Wednesday, May 11, 2005

Whole Systems Thinking and Pesky Details

I wasted an hour today trying to get an email signature line just the way I wanted it. The mail program I use is Eudora. I use it in paid mode. I’m not picking on Eudora so much as I am picking on the state of software tools in general (I’d love to hear your favorite tool horror).

I wanted to create several different signatures for different occasions…one for marketing to local clients, one that is just my “standard tagline”, etc. As part of my signature I wanted a line that included links to my website and blog on a single line:

website: www.wirfs-brock.com blog: www.wirfs-brock.com/rebeccasblog.html

That worked just fine for my standard signature file, where these were the only links. But then I wanted to create another signature which included these links followed by lines with links to upcoming public classes. Each class would be listed on a single line containing a link to the registration page. When I inserted these lines into my file, I encountered problems. The signature looked just fine when created and displayed as I was composing email. But somewhere in the process of sending and receiving the email, that first website link got mangled. I had encountered yet another case of what Scott Meyer’s refers as the keyhole problem. I still don’t know if this is a send or receive error, but trying to fix this problem drove me nuts.

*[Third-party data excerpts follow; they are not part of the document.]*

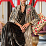 This bisht evokes timeless grandeur through its interplay of texture and detail. Draped in dark grey, it features a striped jacquard net jacket that glimmers with subtle sequins and ornate patchwork at the chest—each element meticulously placed to create a rich, regal silhouette. Beneath, a simple silk velvet inner dress offers a soft contrast, allowing the jacket’s craftsmanship to command attention.
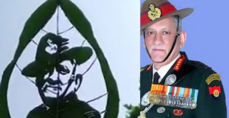 पीपल के पत्ते पर सीडीएस जनरल बिपिन रावत की तस्वीर बनाकर कलाकार ने दी अनूठी श्रद्धांजलि
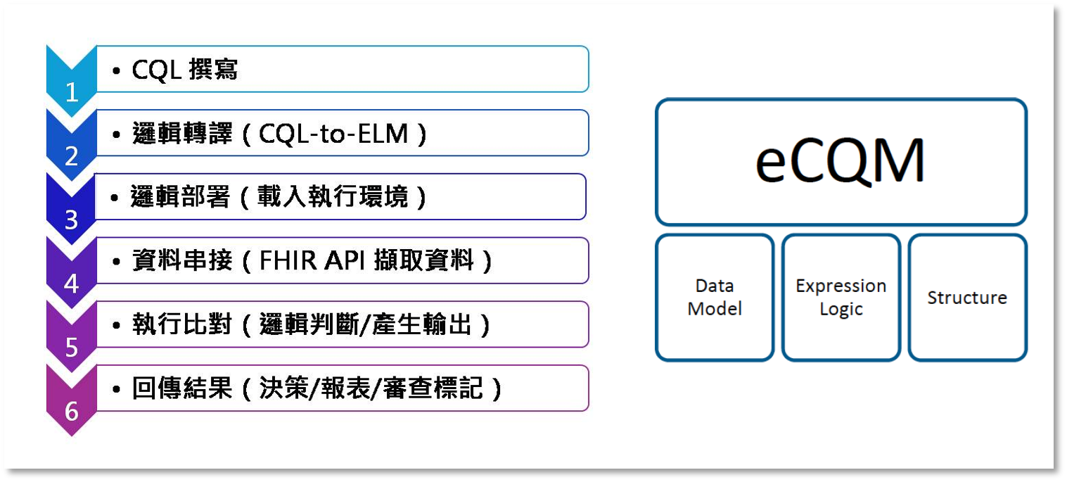 為了消弭上述落差,美國推動eCQM(Electronic Clinical Quality Measures,電子臨床品質衡量標準),eCQM的核心精神是將品質指標定義轉化為電腦可執行的標準代碼,而CQL正是撰寫與執行這些品質指標邏輯的語言工具,透過精確定義邏輯,取代模糊的文字敘述。CQL具備「人機共讀」特性,經由 ELM(Expression Logical Model)轉換後,可直接指揮電腦執行資料檢索與計算,針對病人資料進行自動邏輯判斷,產出所需的品質衡量結果;且一份CQL定義可重複用於不同醫院、不同系統、不同平台,大幅降低醫院資訊人員重複開發程式的負擔。
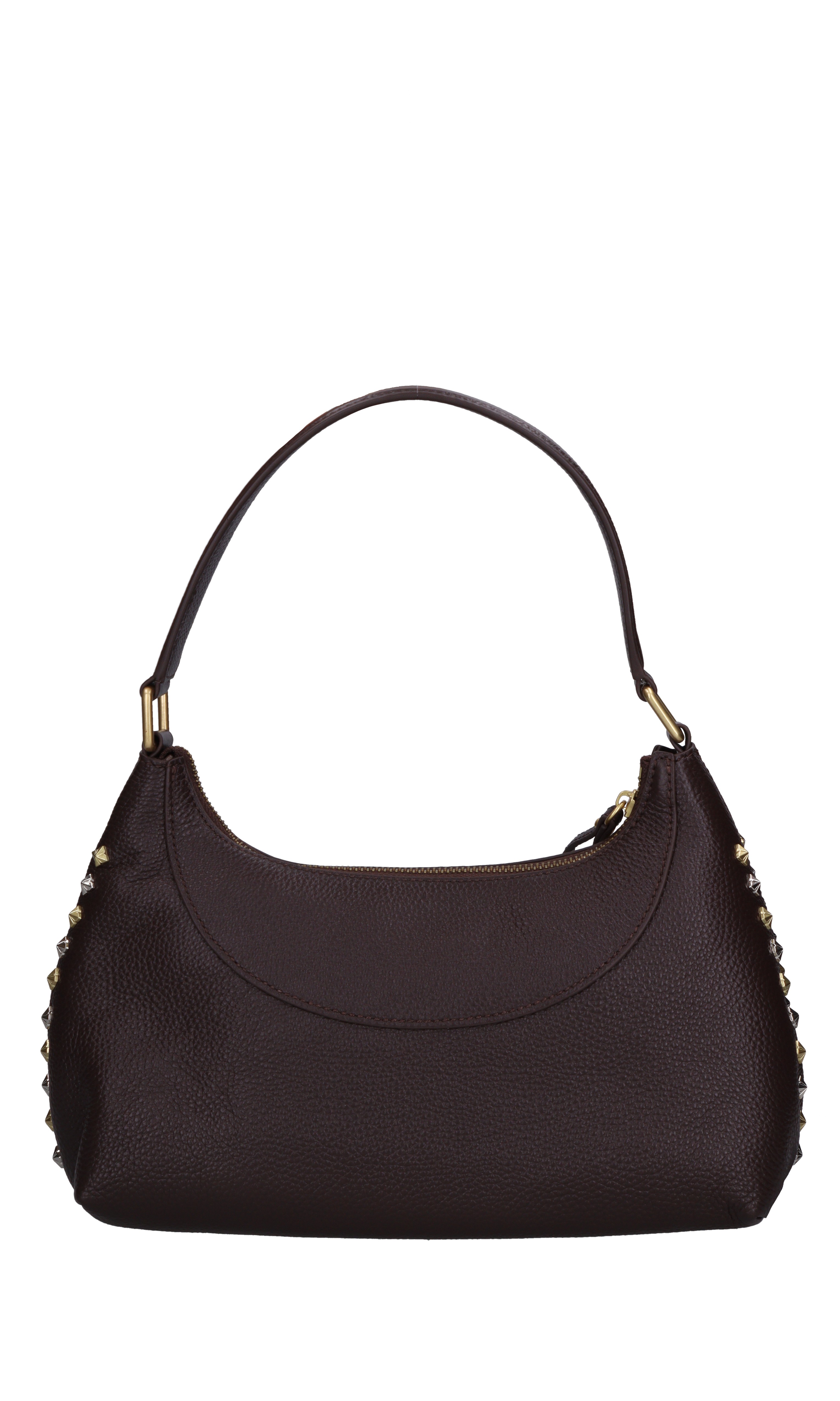 Frivolous medium leather bag. One compartment. Silver and gold studs. Zip closure. Removable golden chain shoulder strap.
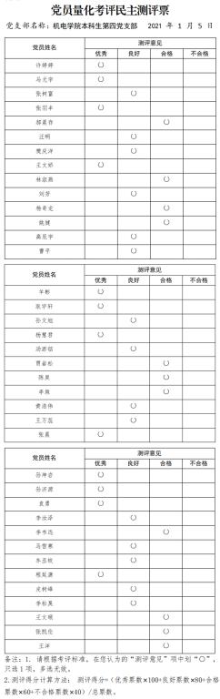 根据《中共BBIN宝盈集团委员会党员量化考评指导办法(试行)》要求,2021年1月5日,BBIN宝盈集团本科生第四党支部按照文件要求进行了民主评议党员,现将评议结果公示如下:
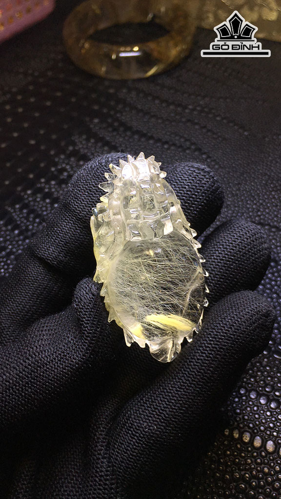 Mặt Dây Chuyền Long Quy Đá Thạch Anh Tóc Vàng Cao 51,7 Ngang 28,7 Sâu 17,2 (mm) 31,7gr
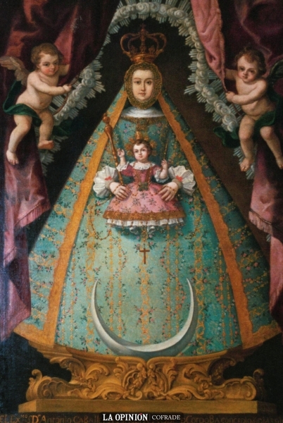 Así permaneció como unos seis meses sin salir de su cuarto y a lo más alguna vez que su mujer lo bajaba al cuerpo de la casa para algún tanto distraerse oyendo a los que entraban. Al final de ese tiempo oyó decir el declarante que a Nuestra Madre y Patrona María Santísima de la Sierra se iba a trasladar desde la iglesia parroquial de esta villa en donde se hallaba a su Santuario de la Sierra, y deseoso de conseguir su salud y vista, por la intercesión de tan digna mediadora, se encomendó a su protección, y le ofreció, si le daba la vista, solemnizarla con una misa cantada, una libra de cera y unos ojos de plata.
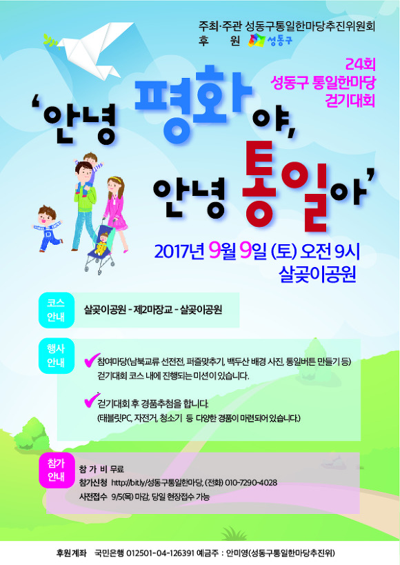 24회 성동구통일한마당 걷기대회 행사에 함께 참여해 주세요! 작성자e끌림공식메일|작성시간17.08.23|조회수160 목록 댓글 0 글자크기 작게가 글자크기 크게가 <24회 성동구 통일한마당 '안녕 평화야, 안녕 통일아' 걷기대회 안내> 일시 및 장소 : 9월 9일(토) 오전9시 살곶이공원 성동구 통일한마당 걷기대회 신청 주소 http://bit.ly/성동구통일한마당 다음검색 현재 게시글 추가 기능 열기 북마크 공유하기 신고 센터로 신고 댓글 댓글 0 댓글쓰기 답글쓰기 댓글 리스트
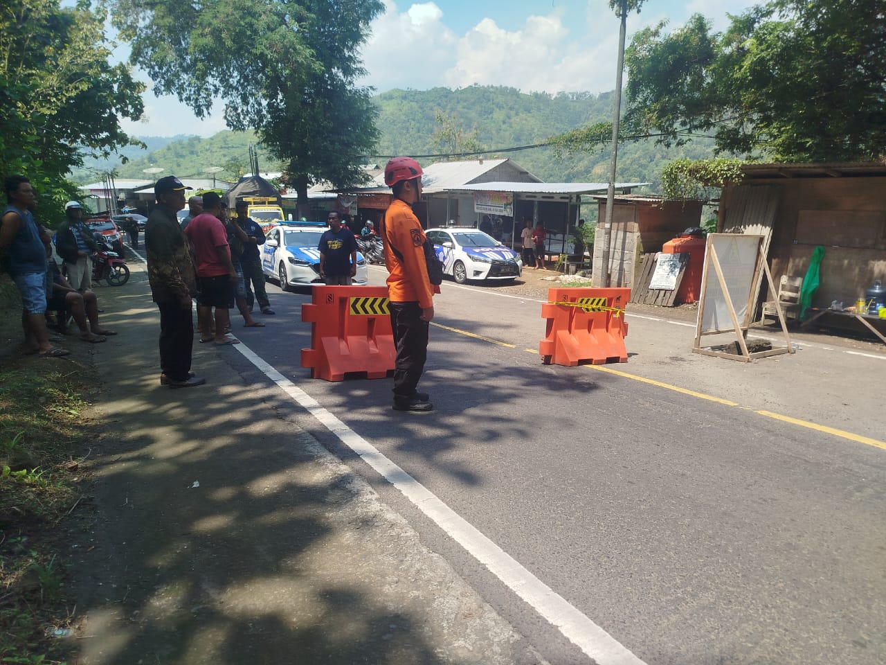 TRC-PB BPBD, POLRI, TNI, Perangkat Desa bersama masyarakat meninjau lokasi kejadian dan menutup jalur.

Instead of a well-formed link, the link in incoming email was extended with spaces, breaking it. Needless to say, being a software geek, I vowed to tame this problem. I perform twenty or so different experiments over the next hour. I inserted tabs instead of spaces between my website and blog link. This worked, but the formatting was ragged and I don’t like inserting tabs into messages as some people’s mail systems don’t uniformly display text with embedded tabs. I put the website and blog links on separate lines. This worked, but it made my signature longer. I inserted one tab and spaces after the website link. This worked but had resulted in a ragged signature line that looked unprofessional. I copied the line with the links that worked from my other signature file and pasted it into the second signature one (of course this didn’t work, what was I thinking?). I tried re-specifying the links (this didn’t work either). I moved the broken-linked lines to after the single link lines in my signature file . This largely worked, too, except the spacing between the website link and the blog link came back with an extra space between them (making it a ragged line).

I then got the bright idea of creating a signature file in a fixed font, instead of Ariel. This worked. But I didn’t like how Courier looks. Too clunky. When I changed my signature file back to a font more appealing than Courier, Eudora apparently let me change my signature file, but it refused to pick up the new font information as specified in that file. Even rebooting my mail program didn’t correct the problem (obviously it was caching the font style and not really looking at the font specified in my signature file). I was headed even deeper into the weeds... At this point I decided to give up as I had several approaches that would work OK, even if they didn’t let me format the signature file exactly as I wanted.

All the trouble I had making a signature file made me want to chuck Eudora and move to another mailing tool. But I haven’t, just yet. I’m a healthy skeptic. Each software tool I use has its own peculiar quirks and annoying irritations. (But send me some convincing arguments about why I should move to another mail program and I’ll seriously consider it). Is this because developers are lazy or don’t care about quality? I suspect that most developers do not purposefully go about building quirky software. Yet somehow quirks creep in. There are myriad reasons. For one, most software is developed by teams. Each person has their own piece to implement and the system as a whole isn't "owned" by anyone. This traditional view of software development is changing with agile teams. Collective ownership, one of XP's core practices emphasizes teamwork. The more eyes that look at code, the better. But still, you need to pay attention to the system as a whole, even while paying attention to details.

You cannot eliminate these all bugs, but you can certainly waste time writing dumb little unit tests that don’t add any value. Uncovering quirky system behaviors requires spending your testing time wisely. It isn’t enough to write one simple test and declare, “setting up a signature file” seems to work. My quirky bug spanned multiple contexts—composing a signature file, sending email, and then receiving correctly formatted mail. Exploratory testing is a practice worth considering. It involves spending some time poking around, looking for stuff that just might not work. But developers need to take more responsiblity for overall system quality, too. Just checking that your code works isn't good enough.

2 Comments:

Anonymous Anonymous said...

"Each software tool I use has its own peculiar quirks and annoying irritations"

I used Eudora until I tried Thunderbird. For me its quirks and irritations were fewer and less bothersome than Eudora

4:15 AM  
Blogger Dave said...

Consider that hackers are really software testers working beyond the economic limit of the vendor. There is always another bug. Economics dictates that it will be found by someone other than the vendor's testers.